Fifty-eight patients with either acute myeloid leukemia (AML; n=56) or acute lymphoblastic leukemia (ALL; n=2) received JNJ-75276617. Multiple dose levels of ≥15 mg have been evaluated on either daily or twice daily dosing schedules. Dose escalation is ongoing, with the recommended phase II dose to be determined.

Of the 26 (63%) patients who experienced a reduction in bone marrow (BM) disease burden, 16 (39%) had a ≥50% decrease in BM blasts. The overall response rate (ORR) for the eight patients receiving the highest dose level (90 mg twice daily) was 50%, with seven patients ongoing.

Of those eight patients, three achieved complete remission (CR), one achieved complete remission with partial hematologic recovery (CRh), three achieved complete remission with incomplete hematological recovery (CRi), and one achieved partial remission (PR). The median time to first response (≥PR) was 1.81 months, the time to CR, CRh, or CRi was 1.77 months, and the time to CR was 2.79 months.

The percentage of KMT2A-altered cells decreased from 59.2% at baseline to 8.1% after treatment. NPM1 variant allele frequency also decreased from 13.1% at baseline to 2.8% after treatment.

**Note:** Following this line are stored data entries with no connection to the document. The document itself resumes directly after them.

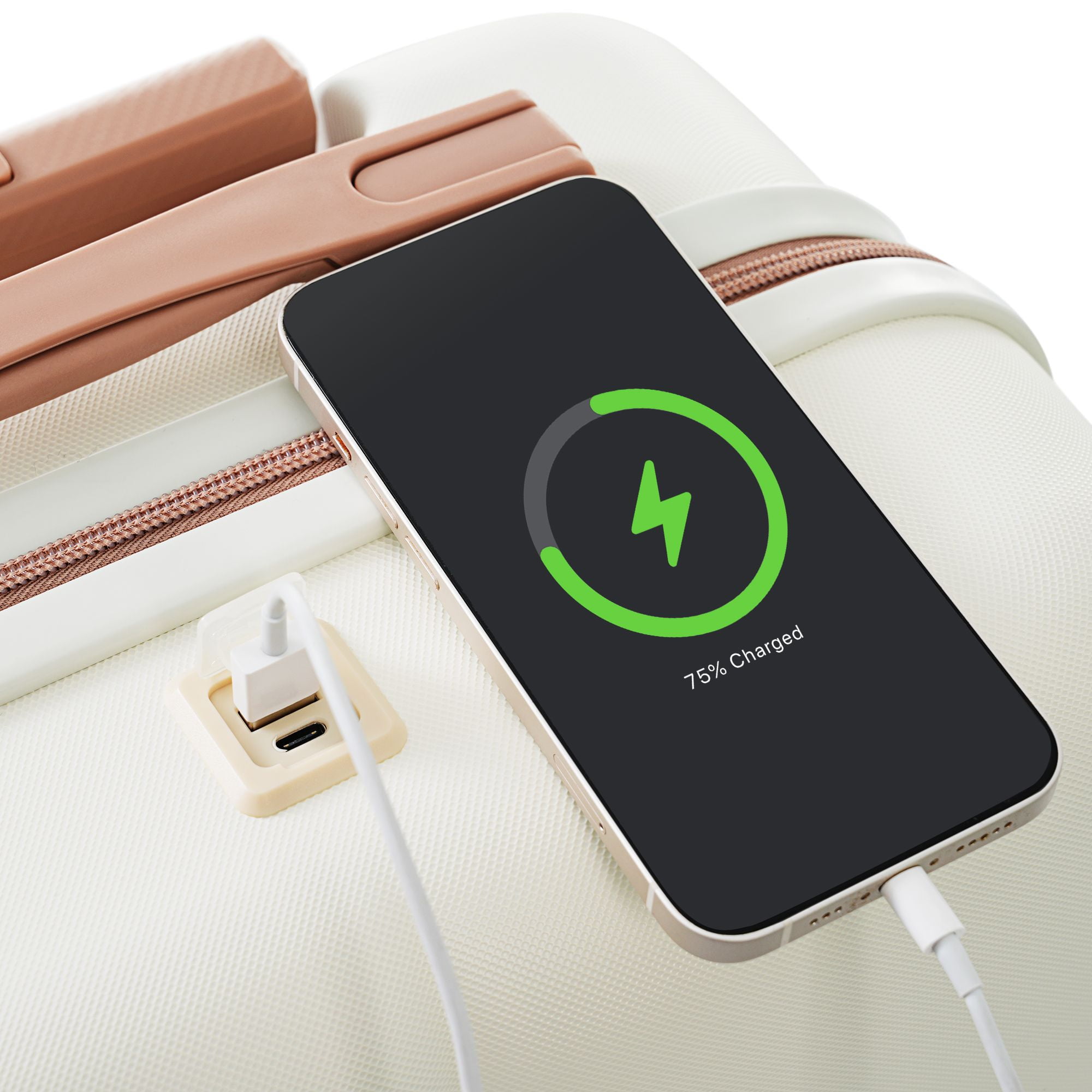 Aukfa Luggage Set, 3 Piece Expandable Hardshell Suitcase with USB Port and Cup Holders, Spinner Wheels, Beige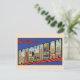 Esta reproducción de tarjeta postal vintage de Michigan presenta letras grandes llenas de imágenes icónicas de Michigan.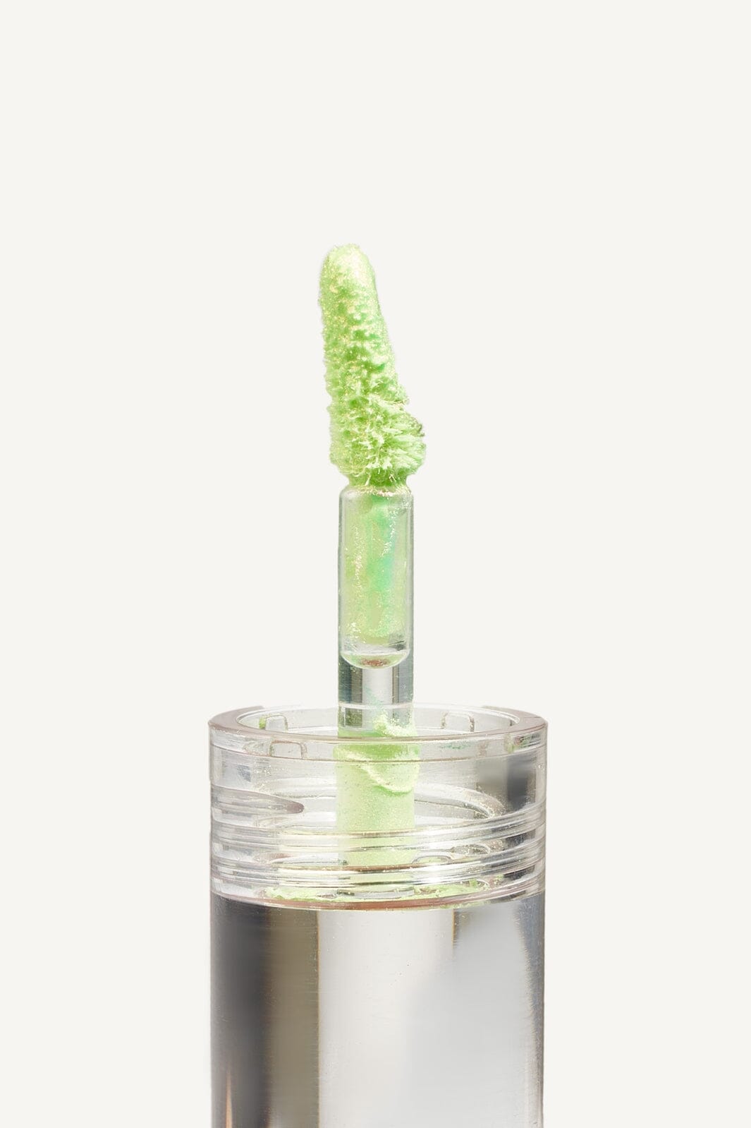 Kynsipulveri Le Mini Macaronilta vihreässä sävyssä, jossa on kimallusvaikutus. Pulveri antaa kiiltävän pinnan hienoilla kimalluspartikkeleilla, jotka luovat syvyyttä väriin.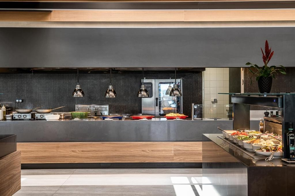 - családi-suitek - hálószoba és nappali tolóajtóval elválasztva, 2 fürdőszoba, külön közös medence, minibár (bekészítés tartózkodásonként 1x), 3 a'la carte-étterem (tartózkodásonklnt 1x), VIP reggeli a Kouzina étteremben
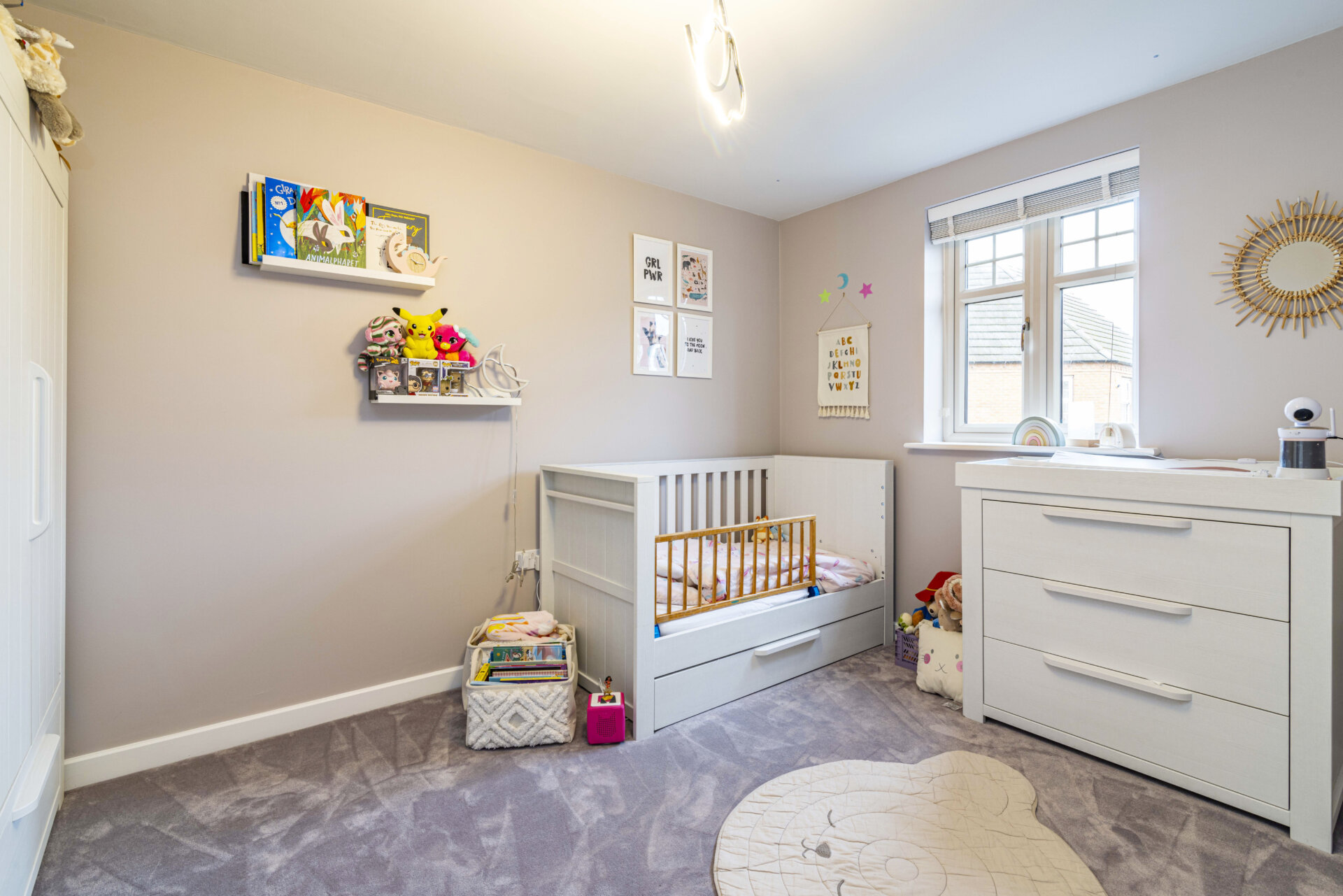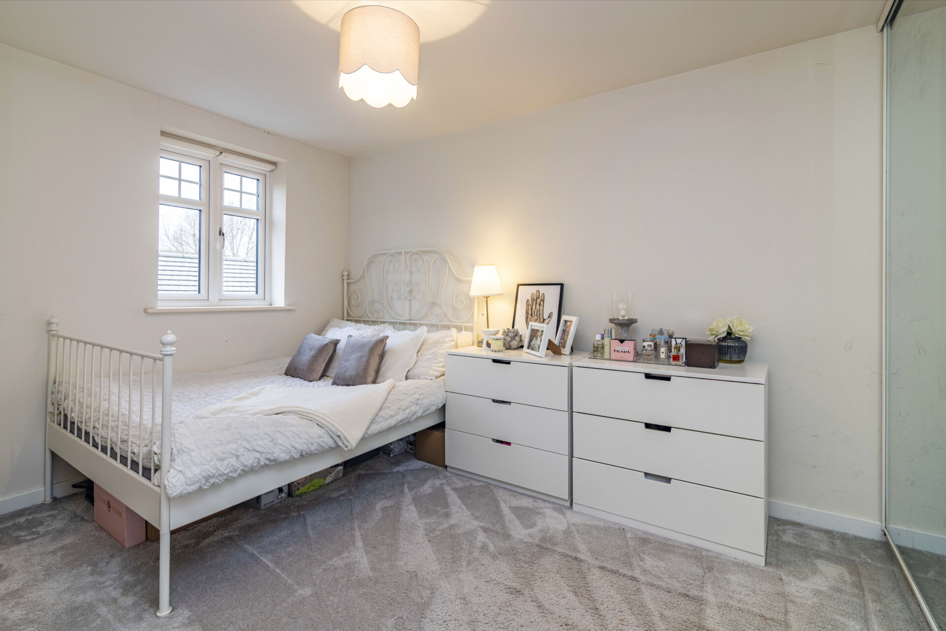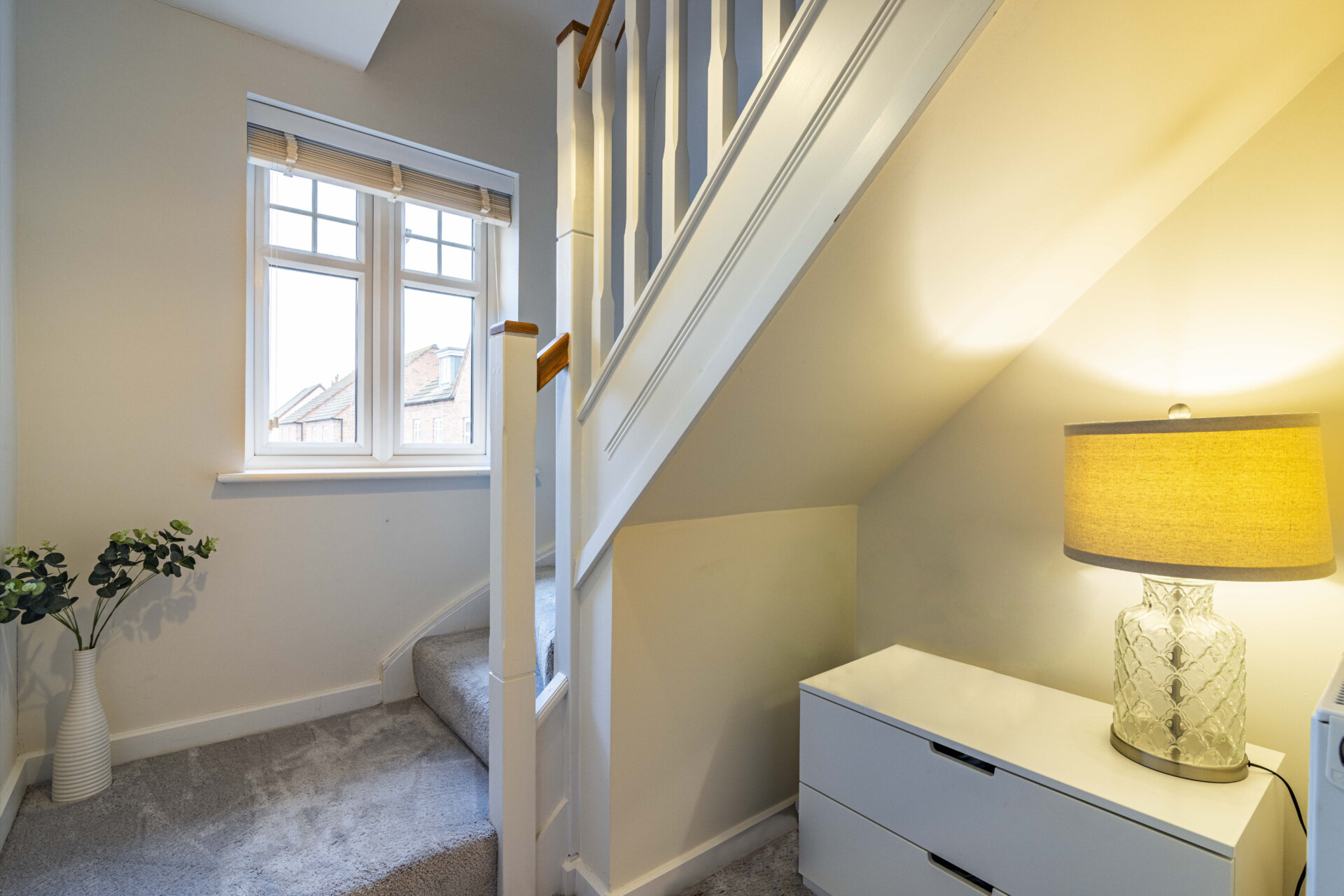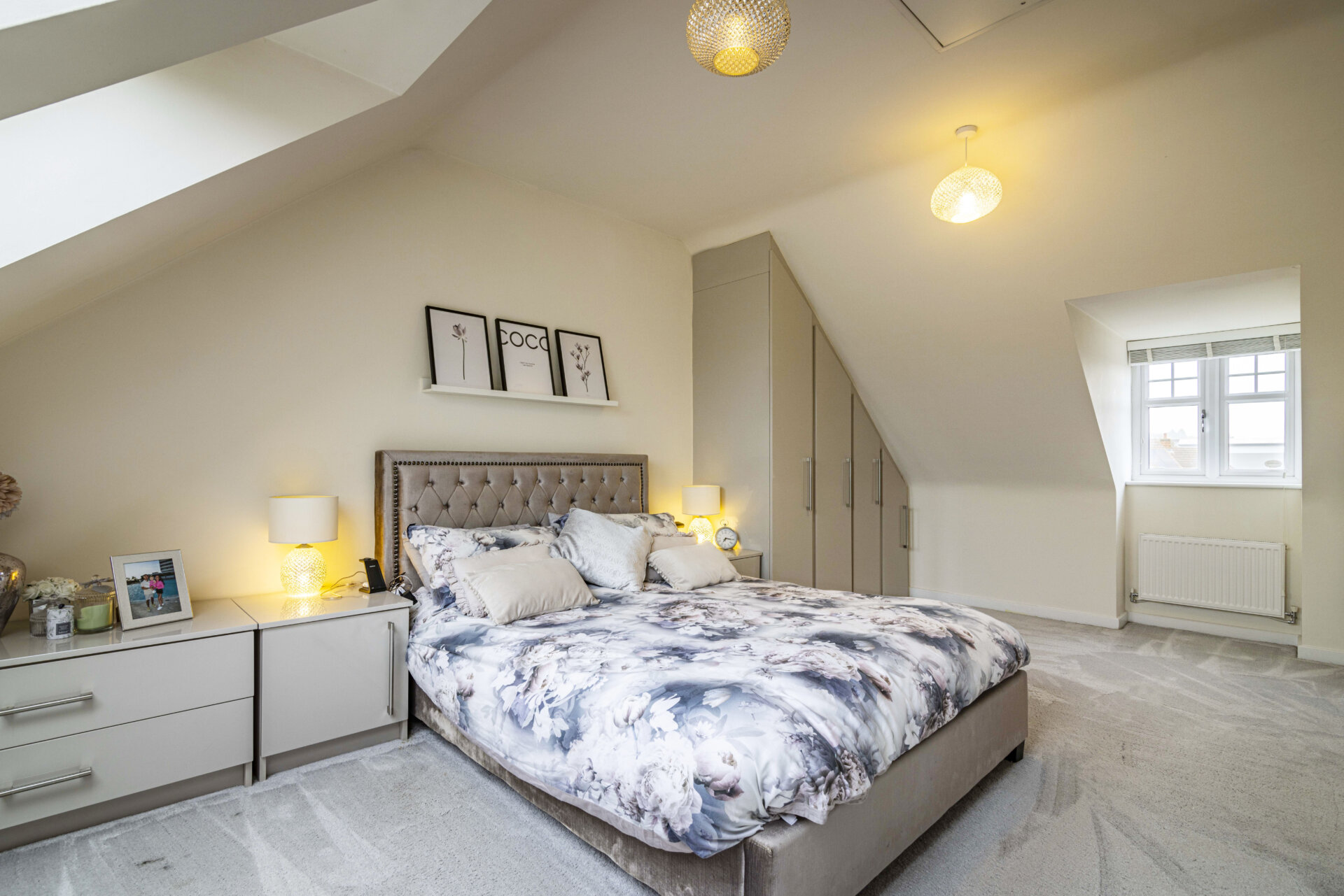 The first-floor landing opens onto a modern family bathroom and two generously-sized double bedrooms. The third bedroom faces the front, while the second bedroom at the rear boasts fitted sliding wardrobes, offering an abundance of storage. A secondary landing area here provides an additional transition space and leads to the upper master suite, creating a sense of flow throughout the home.

Thirty (52%) patients experienced one or more treatment-related adverse events (TRAEs), most commonly differentiation syndrome. Seventeen (29%) patients experienced Grade ≥3 TRAEs such as neutropenia, anemia and thrombocytopenia, differentiation syndrome, and increases in ALT and AST. Five patients (9%) experienced dose limiting toxicities.

Reference

Jabbour E, Searle E, Abdul-Hay M, et al. A first-in-human phase 1 study of the menin-KMT2A (MLL1) inhibitor JNJ-75276617 in adult patients with relapsed/refractory acute leukemia harboring KMT2A or NPM1 alterations. Abstract #57. Presented at the 65th ASH Annual Meeting & Exposition; December 9-12, 2023; San Diego, California.